Why technology and automation means operations teams need new skills
Luke Venables, Chief Operating Officer at Venn Partners explains why modern ops teams need to be technologically savvy and why identifying the right challenges is key for keeping staff engaged.
Fund Operator POSTED ON 5/1/2020 7:39:00 PM
Fund Operator: How can you ensure that you can retain the talent in your teams as new technology is being introduced?
How do you get new team members to understand and embrace the technology day-to-day?
Luke Venables: It isn’t just about understanding your technology. We all interact with other people’s platforms and invariably find fault with them. For example, we use mortgage servicing agents who generally have basic, clunky and old technology.
So, I have a member of my team looking at this in conjunction with our technology people, working out what is going wrong. You need operations people who are interested in technology.
"We all interact with other people’s platforms and invariably find fault with them."
Operations staff used to be about ticking boxes, but now they are expected to delve into data and pick out things that are wrong. This is classic operations; reconciliations are the basis of this process and so they should really enjoy this aspect of it.
Then there is the harder bit, of how to fix the problems, and what that means for the data and the risk management piece.
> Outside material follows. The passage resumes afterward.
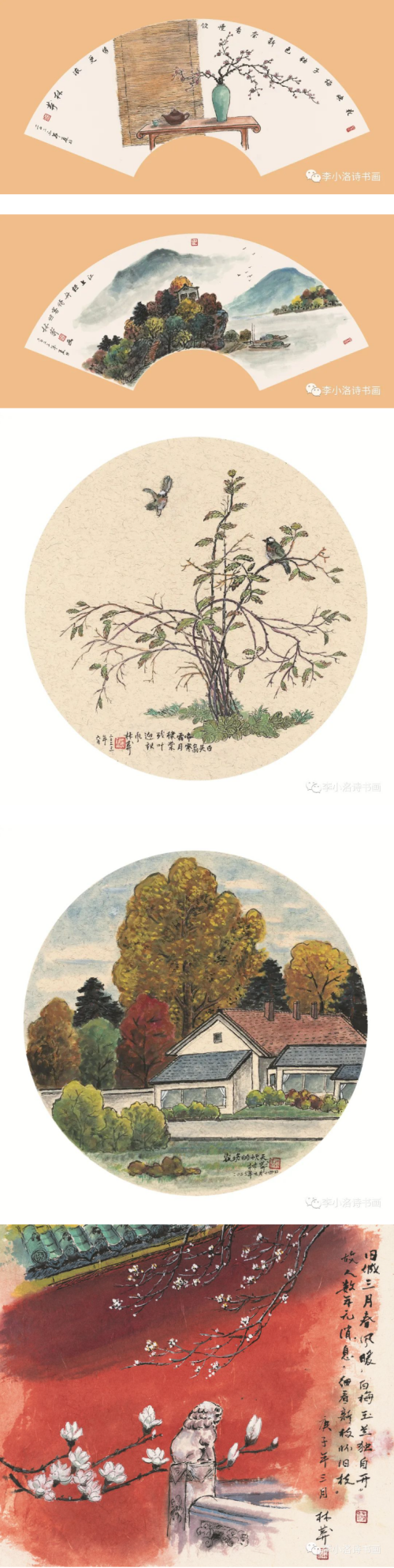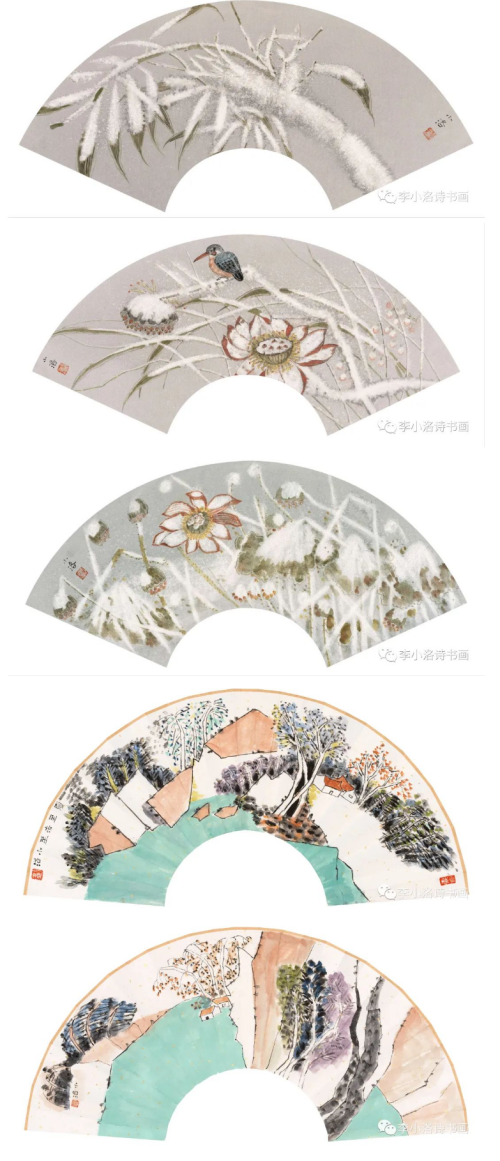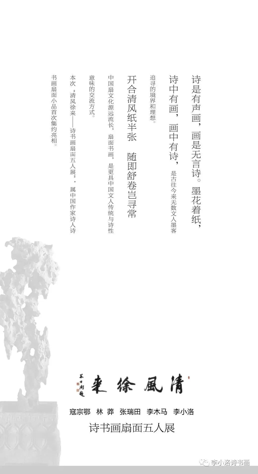 詩人寇宗鄂和林莽,均為《詩刊》編委,都曾擔(dān)任過《詩刊》的編輯部主任?茏诙踉鴰煆闹剿嫾倚毂蓖,詩人牛漢,詩畫兼擅。林莽作為白洋淀詩群和朦朧詩重要代表詩人,詩畫相融,桃李天下。張瑞田早年寫詩,后來多寫散文和書畫評(píng)論,是當(dāng)今活躍的評(píng)論家和書家。李木馬,李小洛,都曾參加過《詩刊》社的“青春詩會(huì)”,就讀魯迅文學(xué)院高研班,在詩歌和書畫創(chuàng)作上多年努力,取得了一定的成績……一人一格、一人一品,一扇一意、一扇一味,五位詩人作家的詩意筆墨,傳遞著各自對(duì)生活、藝術(shù)與世界的熱愛,認(rèn)知與發(fā)現(xiàn)。君子和而不同,透過一幀幀詩意盎然的扇面小品,在交相輝映的筆情墨趣中,可以看到他們相互啟迪,感染和照亮的友誼與藝術(shù)追求。

We rely on people at the coalface to highlight issues to us and then work with technology to come up with solutions.
This has to be part of the day-to-day, which may be easier in my current situation because I am hiring a new team rather than using an incumbent one.
"Operations staff used to be about ticking boxes, but now they are expected to delve into data and pick out things that are wrong."
It’s harder when you have an old team and you are telling them that you will automate their job, but it just comes down to how well people embrace technology.
People talk about how we should have everyone coding. Whilst some people do like it and may be more suited to technology, operations people are traditionally interested in the business as well as technology.
I am not necessarily looking for coders, but they have to at least be able to understand a table structure and the logic of what is going on. This will help them to be able to fix the problems.
Talent retention is a constant battle and it is devastating when someone you train up leaves, but this is a risk that we run with everything.
It is about trying to find challenges that are right for people.
"Talent retention is a constant battle and it is devastating when someone you train up leaves"
Smaller firms can have a limited range of challenges for people, which unfortunately means that they sometimes do move on.
At least for the time they are there they have learnt something and added to the team dynamics, which are very important as well. Each person should bring their unique skill sets and need to be someone that the rest of the team can bounce off.
I hope we will develop new technologies within the industry because part of the benefit of technology is disintermediation.
And although fund managers get made redundant by robots, you will still need operations people to control and design them. There is a lot to do and the fintech industry will mean that within this we will inevitably lose some people along the way.